Categories: Sports

‘Smoothman’ Gill: India’s new run machine

New Delhi (AFP): Shubman Gill’s prowess as an opener was never in doubt, but his first Twenty20 ton has got people talking about him as the next Virat Kohli, an all-format run machine for India.

Gill scored 126 in just 63 balls in a crushing 168-run series-clinching win over a hapless New Zealand on Wednesday. It was just his sixth T20 appearance.

Despite being gifted with all the shots, the 23-year-old has not yet cemented a place for India in all formats, playing no part in last year’s T20 World Cup. Gill hit a match-winning Test ton in Bangladesh in December and his maiden ODI double-hundred in January.

That knock gained him the moniker of “Smoothman Gill” — for his free-flowing shot-making — from batting great Sunil Gavaskar.

T20 skipper Hardik Pandya praised Gill after the pair put on 103 runs for the fourth wicket in India’s 234-4, which paved the way for the biggest T20 win between two Test teams. “He will achieve greater heights in his career for sure because of not what he did today but because of his work ethic and the honesty towards his game,” Pandya told the Indian cricket board’s website. Gill’s unbeaten knock, laced with 12 fours and seven sixes, was the highest T20 score by an Indian, overtaking Kohli’s 122 not out.

Gill also became only the fifth Indian batsman — including Kohli and current captain Rohit Sharma — to record centuries across all three formats. “He has come of age,” former India opener Wasim Jaffer told ESPNCricinfo. “There was no denying the fact that he had conquered Test (cricket) a little bit, One-Day for sure.

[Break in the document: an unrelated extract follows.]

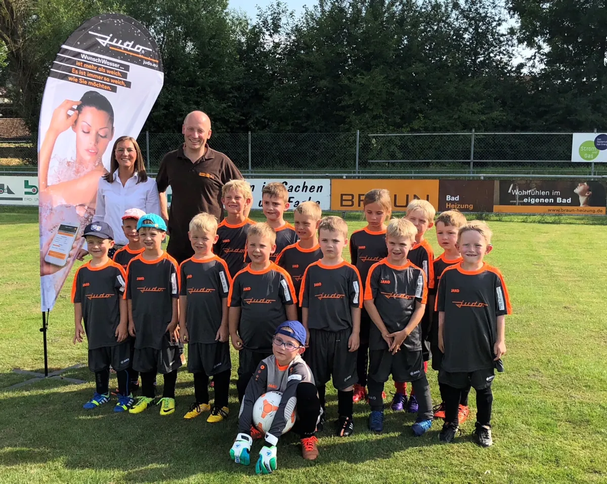 Begeistert werfen die Mannschaftsmitglieder des SV Fleischwangen (Landkreis Ravensburg) in ihren neuen Trikots die Arme in die Luft. Sie sind eine der vielen Mannschaften, die Judo mit einem kostenlosen Trikotsatz ausgestattet hat. „Mit unserer Kampagne unterstützen wir gezielt den Nachwuchs – ein Aspekt, der uns als Familienunternehmen besonders am Herzen liegt “, erklärt Ralf Weißkirchen, Verkaufsleiter Deutschland bei Judo. „Die neuen Trikots schaffen ein einheitliches Mannschaftsbild und fördern den Teamzusammenhalt. Gleichzeitig freuen wir uns als Sponsor natürlich, wenn die Kids in unseren Trikots auf dem Fußballplatz ihr Bestes geben und Spaß am Sport haben.“ Partner-Sponsor ist immer auch ein Installateur oder ein Großhändler aus der Region. „Damit können wir unser gutes Verhältnis zu den Installateuren und den Händlern weiter ausbauen und gleichzeitig den regionalen Bezug stärken“, betont Ralf Weißkirchen. Beim Team des SV Fleischwangen beteiligte sich der Großhändler Pfeiffer & May aus Weingarten.

Today’s knock proves what a fantastic player India has found.” Jaffer added: “He is a three-format player and after Virat Kohli he is the next big batter that’s going to come good.”

Gill had put New Zealand’s bowling to the sword in the preceding ODIs as well, scoring 360 runs — the joint-most in a bilateral three-match series, alongside Pakistan skipper Babar Azam. “When you are representing your country, I don’t think there is any kind of fatigue,” Gill said after his T20 masterclass at the world’s biggest cricket ground in Ahmedabad.

“I always wanted to play for India and being fortunate enough to play all the three formats, it is a blessing.” Later in a chat with Pandya, the young batsman, who hails from a family of farmers in the northern state of Punjab, said he owed much of his success to his father.

“I think the way I practise and the way my dad made me practise… 90 percent of the credit should to go to him because it was his vision,” said Gill.